Andreas Rüttenauer
Kulturbeutel
: Das Emirat Katar und die hohe Kunst des Kaufens

Als die halbe Fifa gerade in Katar weilte, weil da die Gruppenauslosung für die WM im kommenden Winter zelebriert wurde, stand Volker-Johannes Trieb auf dem Parkplatz vor der Zentrale des Fußballkonzerns in Zürich. Der Aktionskünstler aus Osnabrück hatte 6.500 mit Sand gefüllte Stofffußbälle auf den Asphalt drapiert. „Weltgewissen, du bist ein Fleck der Schande“ stand darauf geschrieben. Es war der Text zu dem Requiem für die 6.500 Bauarbeiter, die der Berichterstattung des Guardian zufolge an Baustellen für die WM im Wüstenemirat ums Leben gekommen sind, das da aufgeführt worden ist. Viel Sympathie hat Trieb auch deshalb für seine Aktion geerntet, weil es auch Leute aus der Fanszene des VfL Osnabrück gewesen sind, die die Säcke mit Sand befüllt hatten.

So eindrucksvoll die Kunstaktion auch war, in Katar wird man ihr keine besondere Bedeutung zumessen. Dabei gibt sich das Herrscherhaus des Emirats sonst gerne überaus kunstbeflissen. Und auch wenn Katars Kunsthändler nicht müde werden, allüberall auf der Welt die kostbarsten Kunstschätze einzukaufen, werden sie wohl die Finger lassen von der Trieb’schen Aktionskunst.
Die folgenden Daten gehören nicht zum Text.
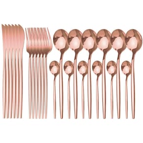 Conjunto De Talheres Slim Rose Gold - Aço Inoxidavel 24 Pçs Envios em 24h Não trabalhamos com entregas do exterior, nosso estoque é 100% nacional Acabamento em PVD não desbota ou descasca Conteúdo da embalagem: Faqueiro com 24 peças rose gold de aço inoxidável. Ideal para jantares elegantes e ocasiões especiais. Feito de material de aço inoxidável de alta qualidade, resistente, durável e brilhante. Uso | Pode ser utilizado em lava-louças. Não é recomendado usar no forno convencional. Limpeza | A limpeza das peças é fácil e prática. É recomendado utilizar sabão, detergente e uma esponja macia. O kit contém: 06 Facas 06 Garfos 06 Colheres de mesa 06 colheres de café Comprimento: Faca: 220mm Colher de mesa:205mm Garfos: 213mm Colher de café: 130mm Marca: Home Dess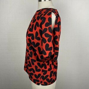 YVES SAINT LAURENT Blouse 6 Womens Hearts Black Red Short Sleeves Cinched Waist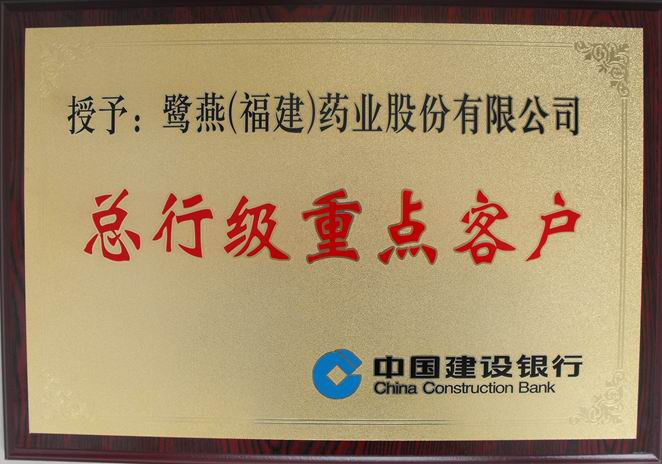 基于鷺燕企業優異的業績表現、穩健的經營管理風格和良好的資信情況,經過中國建設銀行的嚴格審評,近日,鷺燕(福建)藥業股份有限公司被認定為中國建設銀行“總行級重點客戶”。

Ein echter Trieb wäre ihnen wohl nicht allzu viel wert. Weit weniger in jedem Fall als jene 300 Millionen Euro, die angeblich aus Katar vor sieben Jahren für den Kauf eines Gemäldes von Paul Gauguin geflossen sein sollen.

Das Wörtchen „angeblich“ ist in diesem Zusammenhang deshalb nicht ganz unwichtig, weil niemand so ganz genau wissen soll, wer hinter dem Kauf steht und wie viel genau er gezahlt hat. Man kennt das aus Katar. Es weiß ja auch niemand so ganz genau, wie viel Geld es das Emirat gekostet hat, das WM-Turnier von der Fifa zu kaufen. So wie niemand bis heute erklären möchte, wie es kam, dass ein paar Millionen Euro vor der Vergabe der WM 2006 an Deutschland über eine Bankverbindung des deutschen Kaisers Franz Beckenbauer auf das Konto einer Gerüstbaufirma in Katar geflossen sind.

Die Ergebnisse der verdeckten katarischen Deals, sie sind dann allerdings kaum zu übersehen. Das WM-Finale im Dezember soll möglichst die ganze Welt verfolgen. Dass das Turnier das größte Event aller Zeiten wird, das hat Fifa-Präsident Gianni Infantino ja bereits verkündet. Wahrscheinlich hat er es auch per Dekret angeordnet. Ergebnisse des katarischen Kaufrauschs auf dem Kunstmarkt werden übrigens ebenso stolz präsentiert wie der Weltfußball. In Paris hat sich das Herrscherhaus von Emir Scheich Tamīm bin Hamad al-Thānī für etliche Millionen Euro in das noble Hôtel de la Marine an der Place de la Concorde eingemietet, um die wertvollsten Kulturgüter aus 6.000 Jahren Menschheitsgeschichte ausstellen zu können. Was man halt alles so zusammengekauft hat.

Aber wie es nicht anders sein kann, wenn es um Katar geht: Bei denen, die für den Reichtum wirklich schuften müssen, kommt kaum etwas an. Und so streikten die Wärter in Paris, weil sie nicht einsehen wollten, dass man ihnen für das Bewachen der teuersten Gegenstände der Welt nur ein paar Euro zahlen wollte. Ein paar Tage konnte die Ausstellung nicht öffnen. Am Ende setzten die Wärter ihre Forderungen durch. Viel gekostet haben dürfte das die Kataris nicht.